Reis has a perky face and a cheeky smile. Lisa holds him up high for everyone to see. The response is one of admiration - sentimental coos and aahs ring out. One girl slides her finger into Reis's half-clenched fist and when he grips it her face goes red, bringing laughter back to the room.

Gary Llewellyn, deputy head at Ninestiles School in Acocks Green, walks around the chairs, listening, nudging the children along when the lesson goes slightly off track. Lisa is still holding Reis up. 'Lovely, isn't he?' she says. The class agree, but are taken aback when Lisa's attitude turns bullish.

'Well you wouldn't think he was lovely if you'd been with him at three o'clock this morning. He's a full-time job and there's no one around to take him off my hands when it all gets too much.'

Emma, whose son Andrew is three months, butts in: 'Do you lot like going shopping?' There are murmurs of agreement. 'Well, don't think you can go shopping easily if you've got a baby. It takes ages to get all the stuff together to take with you. And when you're ready to leave, there isn't time to get yourself looking good. You go out and people stare and look down on you for having a child while you're still a child yourself.'

Teachers hope that this plain talking will encourage schoolchildren to think more about how a sexual relationship can lead to unwanted pregnancy.

In recent years the numbers of teenage pregnancies in the area covered by the West Midands Regional Health Authority have remained relatively constant, but the figures continue to cause concern. In 1992 more than 130 girls in Birmingham aged between 11 and 15 became pregnant; in the whole of the West Midlands region, it was nearly 550. Of that number, 75 per cent were terminated.
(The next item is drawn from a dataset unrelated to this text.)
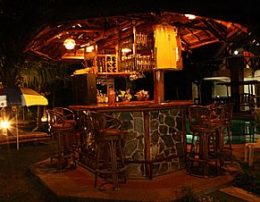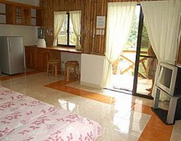 Each air-con bungalow features the following creature comforts: a fully equipped kitchen with gas stove, refrigerator, Satellite TV, king sized double bed, hot and cold shower and a private covered terrace where you can relax, unwind and chill-out with cold drinks from our pool bar after a hot day in the tropical sun.

More than 70,000 teenage girls give birth each year in the UK, but the Government aims to halve the rate of pregnancies among under-16s by the year 2000. Later this month a radio campaign will remind parents of their role in teaching children about sex.

Emma and Lisa fought hard to keep their babies. 'My boyfriend and I were 15 when I fell pregnant. I couldn't believe it. You never think it's going to happen to you,' says Emma. 'When I told my mum she went mad. She said 'You've ruined my life. How could you do this?' Everyone was talking about who would pay for the abortion, but nobody asked me about it. I didn't want an abortion. I wasn't allowed to see my boyfriend. It was a terrible time.'

Emma and Lisa now live in a hostel for young mothers on the outskirts of Birmingham. The babies' fathers are still around but cannot provide financial support.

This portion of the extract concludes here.